→ **TASK STATEMENT**
Each line in the material below, starting at the one with "Рождественский свитер с" and ending at the one with "Informace pro běžkaře: trasa", is to be reproduced exactly; no picture is to be copied.

→ **WORKING DATA**

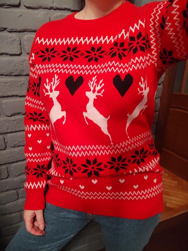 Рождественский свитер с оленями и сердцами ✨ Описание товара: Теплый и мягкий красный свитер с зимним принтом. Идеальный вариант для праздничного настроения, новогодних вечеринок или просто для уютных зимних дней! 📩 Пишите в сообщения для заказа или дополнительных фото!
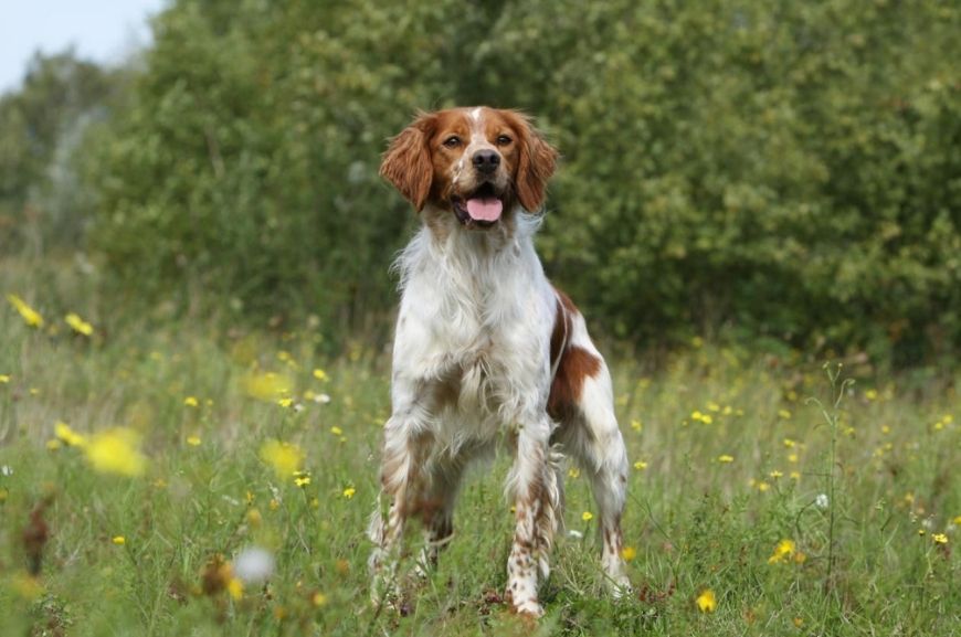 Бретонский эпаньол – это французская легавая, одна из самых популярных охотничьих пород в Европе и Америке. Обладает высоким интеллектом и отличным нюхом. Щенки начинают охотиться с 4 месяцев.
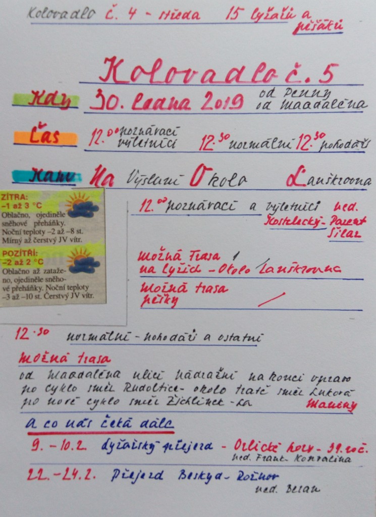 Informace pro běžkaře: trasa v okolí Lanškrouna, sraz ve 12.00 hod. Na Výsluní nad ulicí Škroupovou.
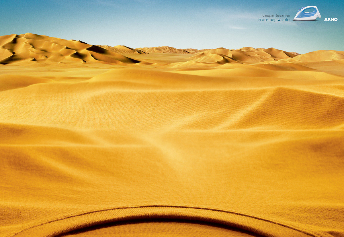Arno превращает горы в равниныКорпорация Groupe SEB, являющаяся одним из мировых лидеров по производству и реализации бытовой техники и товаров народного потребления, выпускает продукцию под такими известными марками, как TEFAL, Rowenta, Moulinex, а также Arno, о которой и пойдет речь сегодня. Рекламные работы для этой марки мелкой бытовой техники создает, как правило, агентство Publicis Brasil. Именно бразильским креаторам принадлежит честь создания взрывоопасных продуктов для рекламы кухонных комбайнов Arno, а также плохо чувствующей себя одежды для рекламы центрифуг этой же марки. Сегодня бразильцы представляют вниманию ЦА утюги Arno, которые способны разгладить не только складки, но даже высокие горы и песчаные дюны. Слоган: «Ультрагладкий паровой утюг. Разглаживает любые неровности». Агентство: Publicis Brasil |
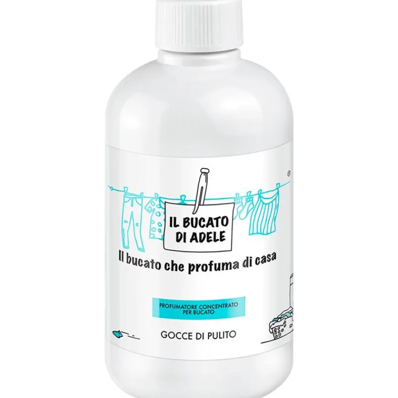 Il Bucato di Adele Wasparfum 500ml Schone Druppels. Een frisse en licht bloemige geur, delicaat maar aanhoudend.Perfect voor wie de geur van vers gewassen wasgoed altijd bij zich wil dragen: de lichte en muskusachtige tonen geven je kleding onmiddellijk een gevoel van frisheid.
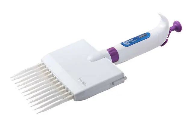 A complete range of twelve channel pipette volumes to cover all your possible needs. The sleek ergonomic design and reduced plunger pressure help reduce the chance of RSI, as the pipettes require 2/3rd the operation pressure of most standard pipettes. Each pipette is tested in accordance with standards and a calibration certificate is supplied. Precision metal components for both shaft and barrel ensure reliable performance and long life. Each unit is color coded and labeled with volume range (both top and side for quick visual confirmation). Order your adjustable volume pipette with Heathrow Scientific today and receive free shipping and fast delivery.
...
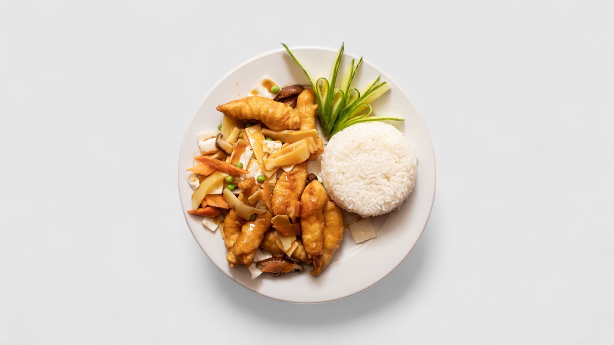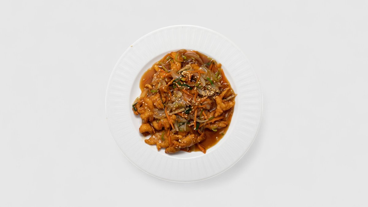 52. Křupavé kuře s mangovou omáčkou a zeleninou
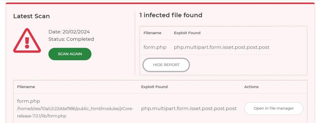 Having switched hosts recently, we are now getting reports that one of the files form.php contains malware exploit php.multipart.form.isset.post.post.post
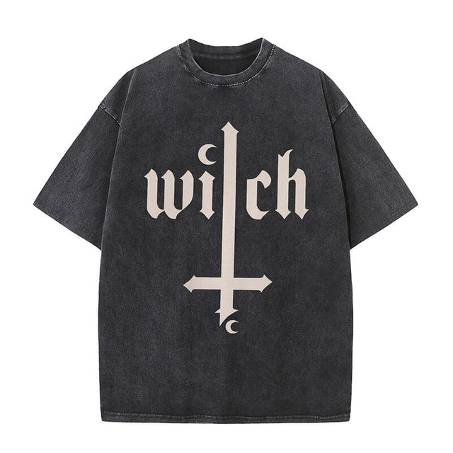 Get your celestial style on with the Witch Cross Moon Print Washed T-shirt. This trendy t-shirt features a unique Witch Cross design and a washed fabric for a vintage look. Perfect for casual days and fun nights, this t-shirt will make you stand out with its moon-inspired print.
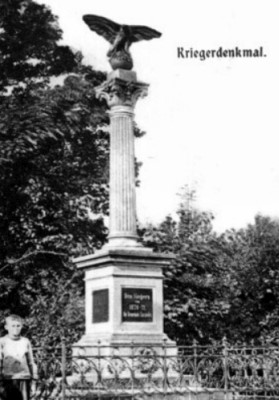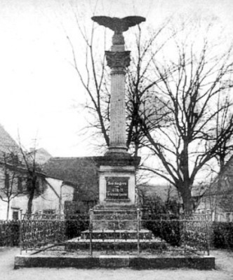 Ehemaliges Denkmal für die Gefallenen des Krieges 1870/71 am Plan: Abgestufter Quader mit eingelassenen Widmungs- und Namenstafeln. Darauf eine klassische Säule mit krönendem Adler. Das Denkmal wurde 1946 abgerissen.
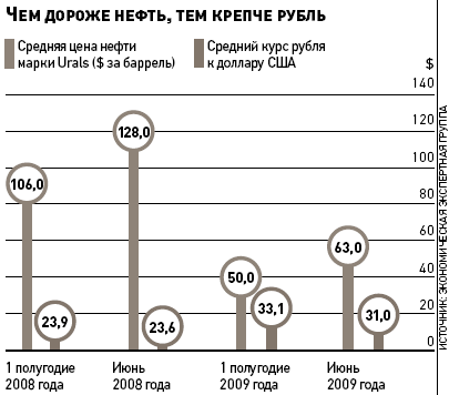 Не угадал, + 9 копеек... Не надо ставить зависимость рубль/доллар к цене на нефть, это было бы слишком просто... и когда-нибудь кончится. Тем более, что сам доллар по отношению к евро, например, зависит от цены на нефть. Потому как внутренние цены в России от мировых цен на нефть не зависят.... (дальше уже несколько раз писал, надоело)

→ **ANSWER FOR THIS EXERCISE**
 Рождественский свитер с оленями и сердцами ✨ Описание товара: Теплый и мягкий красный свитер с зимним принтом. Идеальный вариант для праздничного настроения, новогодних вечеринок или просто для уютных зимних дней! 📩 Пишите в сообщения для заказа или дополнительных фото!
 Бретонский эпаньол – это французская легавая, одна из самых популярных охотничьих пород в Европе и Америке. Обладает высоким интеллектом и отличным нюхом. Щенки начинают охотиться с 4 месяцев.
 Informace pro běžkaře: trasa v okolí Lanškrouna, sraz ve 12.00 hod. Na Výsluní nad ulicí Škroupovou.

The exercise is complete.